Hacker News

The networking stuff seems....odd.

'Networking was a substantial cost and required experimentation. We did not use DHCP as most enterprise switches don’t support it and we wanted public IPs for the nodes for convenient and performant access from our servers. While this is an area where we would have saved time with a cloud solution, we had our networking up within days and kinks ironed out within ~3 weeks.'

Where does the switch choice come into whether you DHCP? Wth would you want public IPs.

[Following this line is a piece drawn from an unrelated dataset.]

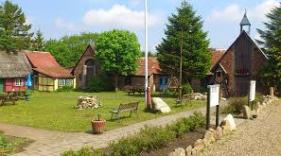 Landsbyen er bygget som små huse, og man finder skolestue, købmand, frisør, posthus, karlekammer, soveværelse, stuer fra klunketiden og meget, meget mere. Helt speciel er kirken, der i nyere tid har været anvendt i forbindelse med vielser.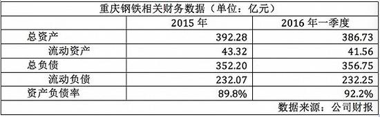 根据Wind统计数据,今年一季度末,钢铁行业上市公司平均资产负债率为69.72%,同期重庆钢铁的资产负债率从去年底的89.8%升至92.2%,远超行业平均水平。截至一季度末,重庆钢铁短期借款余额38.09亿元,应付账款93.47亿元,短期偿债压力较大。

mystifyingpoi 3 days ago [ - ]

It really feels like they wanted 30 PB of storage accessible over HTTP and literally nothing else. No redundancy, no NAT, dead simple nginx config + some code to track where to find which file on the filesystem. I like that.

matt-p 3 days ago [ - ]

This was not written by a network person, quite clearly. Hopefully it's just a misunderstanding, otherwise they do need someone with literally any clue about networks.

g413n 3 days ago [ - ]

yeah misunderstanding we'll update the post-- separately it's true that we aren't network specialists and the network wrangling was prob disproportionately hard for us/ shouldn't have taken so long.

matt-p 3 days ago [ - ]

Massive props for getting it done anyway. For others reading: In general a switch should never run DHCPd, but will normally/often relay it for you, your arista's would 100% have supported relaying, but in this case it sounds like it might even be flat L2. Normally you'd host dhcpd on a server.

Some general feedback incase it's helpful.. -20K on contractors seems insane if we're talking about rack and stack for 10 racks. Many datacentres can be persuaded to do it for free as part of you agreeing to sign their contract. Your contractors should at least be using a server lift of some kind, again often provided kindly by the facility. If this included paying for server configuration and so on, then ignore that comment (bargin!).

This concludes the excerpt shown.